Although this is an opportunity for connectivity providers, Birtwistle said that there is a danger that there will be a “mad panic rush” when the lines get cut at the end of 2025, drawing parallels to the digital switchover for television.

“This switch is here and now but it feels a little bit like the switch from analogue to digital television, where it was talked about for years and years but at the end of it there was a mad panic rush. 

“We’re at that cusp now, where we’ve been talking about this for donkey’s years frankly, but the stop sell [has] happened in September, and there’s something like 6 million businesses in the UK that have got to move on. 

“That presents something in the region of about 14 million users that we expect will need to find a home in this space from now until the switch is flipped in December 2025. That is a huge opportunity.”

Bringing people over

With over six million businesses yet to switch, resellers may well be rubbing their hand together.

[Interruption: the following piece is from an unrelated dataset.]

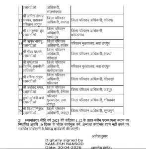 CG ट्रांसफर ब्रेकिंग: परिवहन विभाग में बड़ा फेरबदल, कई जिलों के अफसरों के तबादले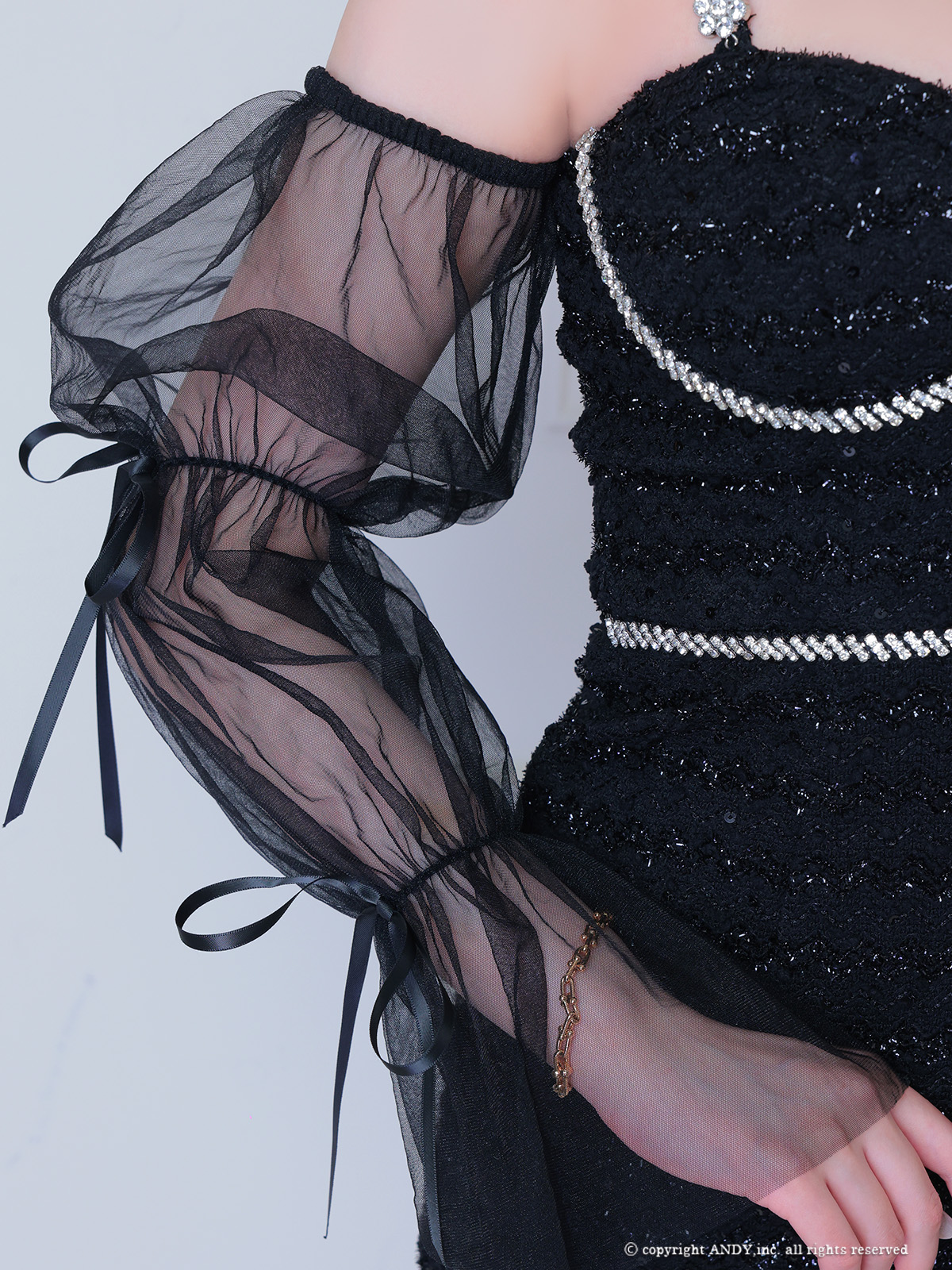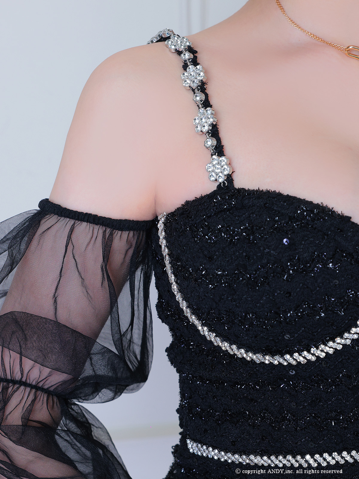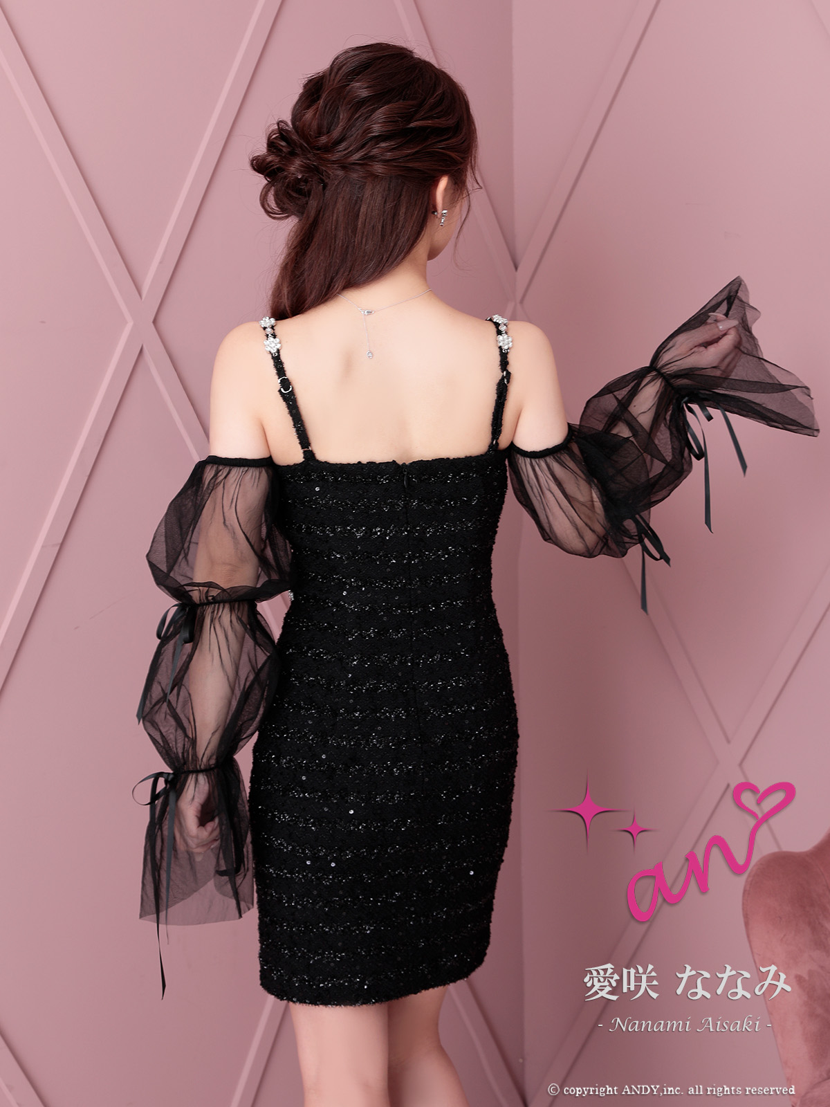 - > XSサイズあり【an /アン】2way/ チュールスリーブ付き/ フラワービジュー/ キャミ/ バストジップ/ スパンコール混ツイード/ タイト/ ミニドレス/ キャバドレス[OF05]

But how do you broach the subject? An opportunity is only so if it is realised after all. Luckily, Warburton has a three-step program to get the worms to turn!

“In my view, the first step is to understand the data. Ask what your customer base looks like, what services you provide to those customers, and then map across what services they are going to go to when they move, and the implications of those moves. 

“I certainly encourage resellers to think about FTTP availability. I’ve seen a couple of situations where a company has moved circuits over to SOGEA, only to find them looking at FTTP. That means a double migration, more disruption, and more cost for the customer. So if resellers can jump straight to FTTP, I’d highly recommend it to save some costs and save some disruption. 

“I think the second step is around how you go about moving customers. Try to voluntarily move them at first, every month we are going to our customers saying you can get FTTP here, and we’ve seen about 500 customers a month voluntarily upgrading to FTTP themselves through regular communications and record follow-up from sales teams.”

Pressing the Issue

While the immediacy of the issue is known to businesses within the communications industry, convincing businesses to invest in a problem that is over two years away may be tricky.

You only have to look at the exhausting way cyber security is viewed outside large businesses to see that, unless there is an immediate payoff, the budget for such expenditures is hard to get.

Warburton went on to say that a managed migration plan may help those reluctant businesses adding that taking into consideration the technology a business already has can make switching more appealing.

“The second route resellers can take, which we have started to instigate this year, is managed migrations,” said Warburton. “We’ve started with those customers where we don’t need to change the CPE, it’s quite straightforward, it’s just simply transfer. 

“We’ve been doing upwards of 3,000 a week, and we see very little issues. We may come in the next day with a handful of circuits with a couple of issues, but generally speaking, those migrations go smoothly.”